True man. Most ride HT's there. As far as the drops go I rode my Bullit with DC forks off of the biggest one (5' to 6') and also a DJ ht with 3.5" travel fork... the HT was just fine.


----------



## hardcore newbie (Nov 6, 2004)

nice!!!!!


----------



## East Coast Bender (Nov 25, 2004)

that place looks really awesome, if only they turned the abandoned school in our town into something like that, too bad the rich people would sue if someone even got a scratch


----------



## BikeKilla (Apr 4, 2004)

*he skinnies are tough...*



Trailer Rails said:


> What is the "big drop"? I am not worried about my bike breaking, What is the biggest thing they have there?

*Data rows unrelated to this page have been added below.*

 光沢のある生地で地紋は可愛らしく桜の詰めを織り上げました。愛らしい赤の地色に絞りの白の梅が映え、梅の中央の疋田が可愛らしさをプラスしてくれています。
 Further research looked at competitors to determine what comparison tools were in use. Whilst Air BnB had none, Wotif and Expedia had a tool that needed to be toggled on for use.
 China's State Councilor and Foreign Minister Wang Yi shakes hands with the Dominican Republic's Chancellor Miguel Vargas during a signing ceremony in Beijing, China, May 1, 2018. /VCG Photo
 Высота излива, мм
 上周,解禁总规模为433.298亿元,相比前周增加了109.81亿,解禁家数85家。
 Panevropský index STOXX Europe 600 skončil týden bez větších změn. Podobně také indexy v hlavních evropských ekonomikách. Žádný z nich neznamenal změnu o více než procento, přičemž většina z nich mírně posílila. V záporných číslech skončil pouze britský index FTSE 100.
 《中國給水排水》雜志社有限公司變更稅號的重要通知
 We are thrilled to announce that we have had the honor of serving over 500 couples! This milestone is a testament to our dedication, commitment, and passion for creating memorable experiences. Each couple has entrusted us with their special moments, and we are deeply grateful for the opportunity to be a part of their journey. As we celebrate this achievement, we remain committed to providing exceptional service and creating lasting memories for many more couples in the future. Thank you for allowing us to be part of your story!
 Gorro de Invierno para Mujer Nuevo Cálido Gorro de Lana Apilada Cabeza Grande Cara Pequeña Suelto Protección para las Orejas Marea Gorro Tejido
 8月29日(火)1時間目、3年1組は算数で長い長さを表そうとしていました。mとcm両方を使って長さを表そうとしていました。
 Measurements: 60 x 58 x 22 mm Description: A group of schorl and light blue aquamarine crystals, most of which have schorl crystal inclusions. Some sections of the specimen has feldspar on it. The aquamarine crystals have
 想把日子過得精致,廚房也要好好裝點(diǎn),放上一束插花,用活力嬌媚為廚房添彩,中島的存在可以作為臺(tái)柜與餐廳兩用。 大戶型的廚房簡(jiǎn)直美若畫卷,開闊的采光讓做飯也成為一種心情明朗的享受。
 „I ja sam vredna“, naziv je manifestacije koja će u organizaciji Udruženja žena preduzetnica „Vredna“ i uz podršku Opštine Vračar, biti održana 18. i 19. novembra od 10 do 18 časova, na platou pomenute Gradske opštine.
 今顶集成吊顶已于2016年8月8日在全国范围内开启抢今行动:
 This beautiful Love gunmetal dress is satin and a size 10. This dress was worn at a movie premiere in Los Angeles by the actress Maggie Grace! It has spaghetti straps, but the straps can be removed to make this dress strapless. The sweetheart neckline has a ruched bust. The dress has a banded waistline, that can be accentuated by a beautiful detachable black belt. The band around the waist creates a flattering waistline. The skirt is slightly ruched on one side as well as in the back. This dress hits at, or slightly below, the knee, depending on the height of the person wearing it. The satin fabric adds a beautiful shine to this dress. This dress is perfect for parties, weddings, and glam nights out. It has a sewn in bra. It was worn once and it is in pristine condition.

Everything there seems to low altitude skinnies. It looked like the skinniest thing there was 4" wide, is there anything skinnier?TIA


There's one skinny that's about 5 feet in the air and is around a corner and starts off going up and finishes off going down. You have to put your front wheel on one skinny, and your rear on the other. I rode with some pretty good riders (10 of us) and the best rider took all day to do it once. He had to hop the rear end over three times to get around it.
With the drops, you have to remember, you have to worry about lawsuits. Still the 6 footer was enough to scare me off riding a Blur. The guy I was riding with bottomed out his 7x7 inch (or so) Ellsworth Joker..

Dan


----------